At Step ST73, when the result of the discrimination is that the
sheet size is small (smaller than A3 size), the registration unit
210 is moved to the first standby position WP1 illustrated in FIG.
6A (Step ST75). After the half-folded sheet bunch is detected by
the inlet sensor 201c (Step ST76 of FIG. 7), the standing wall
portion 210a is made to be in a protruding state into the
conveyance path R as illustrated in FIG. 6A (Step ST77). The skew
feed correction of a half-folded sheet bunch T2 is made when the
registration unit 210 moves from the first standby position WP1 to
the right side as illustrated in FIG. 6B. More specifically, the
half-folded sheet bunch T1 is conveyed by the trimmer inlet roller
pair 201a and 201b as the conveying member so as to be close as 5
mm forward of the standing wall portion 210a of the registration
unit 210 disposed at the first standby position WP1 illustrated in
FIG. 6A (Step ST78). After that, the pressure applied to the
trimmer inlet roller pair 201a and 201b is released (Step
ST79).
Then, the standing wall portion 210a of the registration unit 210
moves from the first standby position WP1 illustrated in FIG. 6A to
the right side and, as illustrated in FIG. 6B, the standing wall
portion 210a is hit against a half-folded portion of the
half-folded sheet bunch T2. When the registration unit 210 is
further pushed in from the state of being hit against the
half-folded portion toward an upstream side in the sheet-bunch
conveying direction SX (Step ST80), the half-folded sheet bunch T2
conforms to the standing wall portion 210a of the registration unit
210, which makes the skew feed correction of the half-folded sheet
bunch T2.
The amount of the half-folded sheet bunch T2 which is pushed in by
the registration unit 210 in order to make such skew feed
correction is set to be, for example, about 10 mm. If the skew feed
correction operation by pushing in the half-folded sheet bunch T2
by the registration unit 210 is made twice or more, the skew feed
is corrected with more reliability. Further, if the number of times
of the skew feed correction operation made by the registration unit
210 is adapted to be increased/decreased according to the thickness
of the half-folded sheet bunch T2, that is, the number of the
sheets, necessary and sufficient skew feed correction operation can
be performed.
As illustrated in FIG. 6C, by lowering the bunch pressing means 202
(Step ST81), bunch pressing operation is performed with regard to
the half-folded sheet bunch T2 after the skew feed is corrected in
this way.
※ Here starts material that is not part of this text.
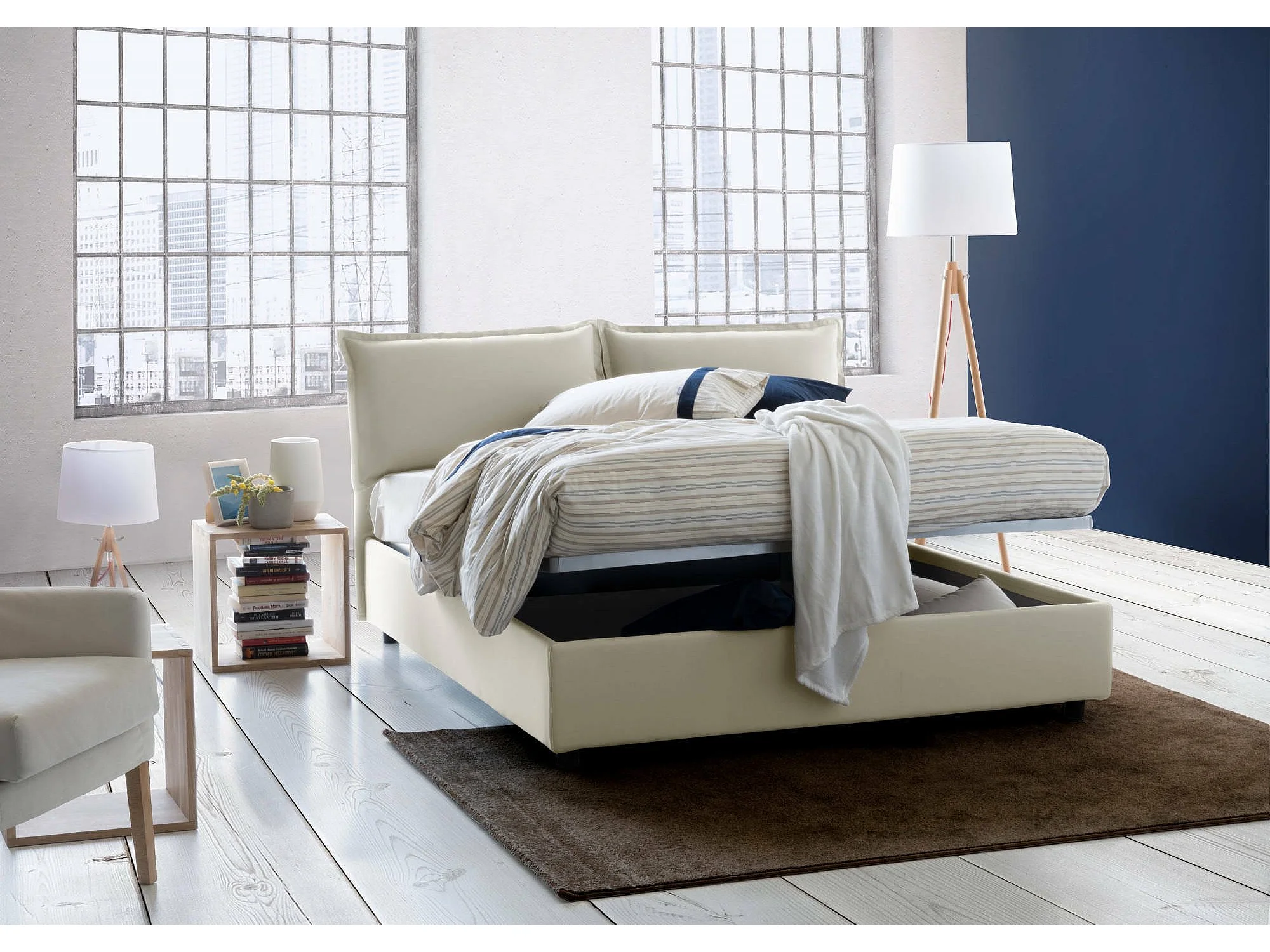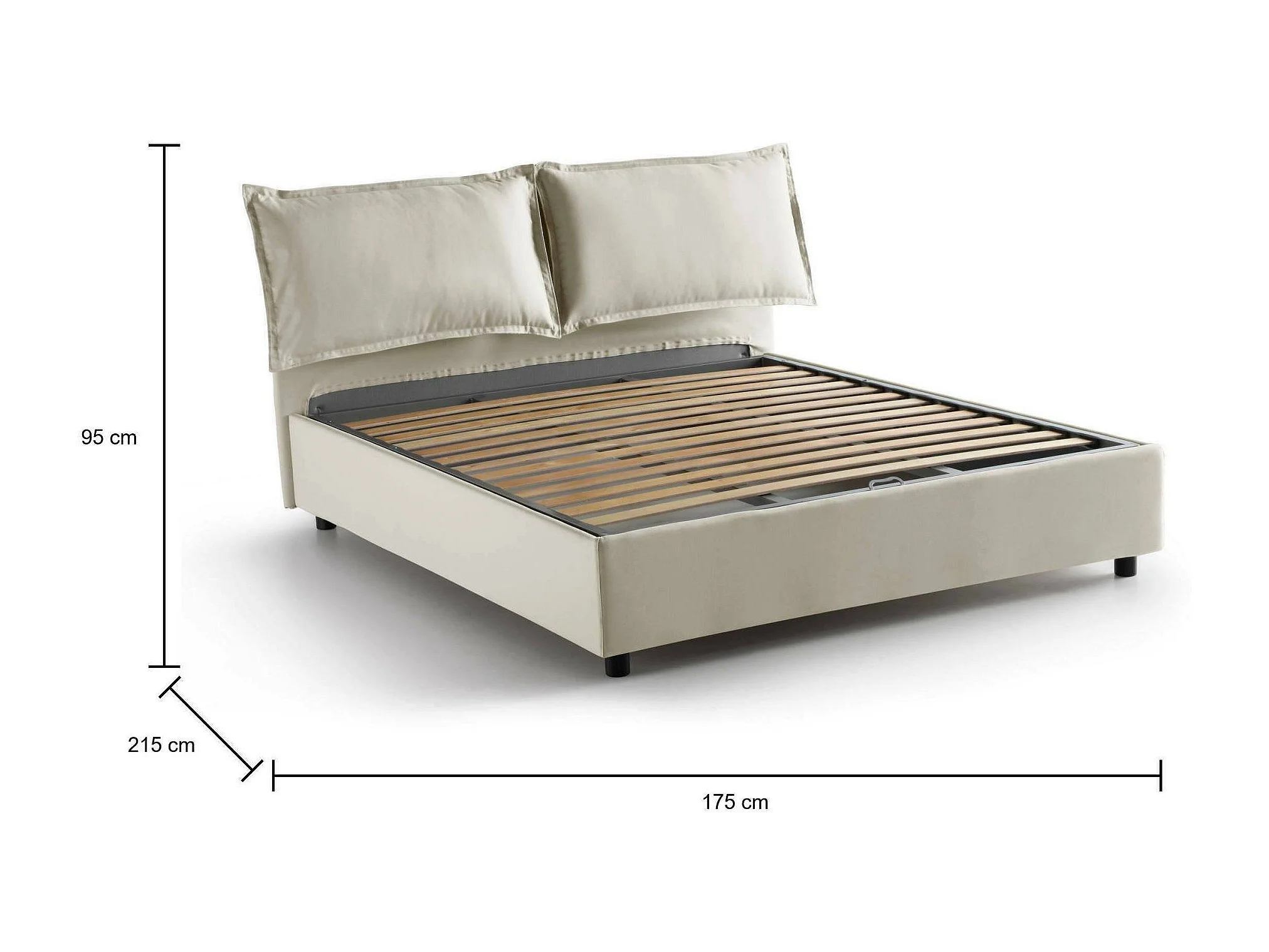 Cama de casal Dabdelli, Cama de armazenamento com forro de tecido, 100% Fabricado na Itália, Abertura frontal, adequada para colchão 160x200 cm, Bege

The bunch pressing means 202 includes a bunch pressing
roller 202b and a bunch pressing rotatable member 202c for
flattening a bulge of the half-folded sheet bunch T2. The bunch
pressing roller 202b and the bunch pressing rotatable member 202c
are vertically movably supported by rotating arms 202d and 202e
which are bar-like members. The bunch pressing roller 202b and the
bunch pressing rotatable member 202c are coupled to each other via
a linkage rod 202f. As illustrated in FIGS. 6B and 6C, both of the
bunch pressing roller 202b and the bunch pressing rotatable member
202c are lowered to press the bulge of the half-folded sheet bunch
T2 from above to form a half-folded sheet bunch T3 with air removed
therefrom.
Here, if only the bunch pressing roller 202b presses the
half-folded sheet bunch T2, the half-folded sheet bunch T2 is only
pressed linearly, which results in a bulge at a portion of the
half-folded sheet bunch T2 between the bunch pressing roller 202b
and the standing wall portion 210a of the registration unit 210,
unsuccessful bunch pressing, and poor cutting in a cutting process
to be described later. On the other hand, in this embodiment,
because, as described above, both of the bunch pressing roller 202b
and the bunch pressing rotatable member 202c are adapted to press,
pressing action which is substantially similar to that in a case in
which the half-folded sheet bunch T2 is pressed by a sheet-shaped
member can be attained, which enables a sufficient purge of air
with reliability. More specifically, the above-mentioned bunch
pressing rotatable member 202c is disposed at a position which
substantially corresponds to the top of the bulge of the
half-folded sheet bunch T2, while the bunch pressing roller 202b is
disposed at a position a little away from the bunch pressing
rotatable member 202c toward the edge portions (fore edge) of the
half-folded sheet bunch (to the right side of FIG. 6C).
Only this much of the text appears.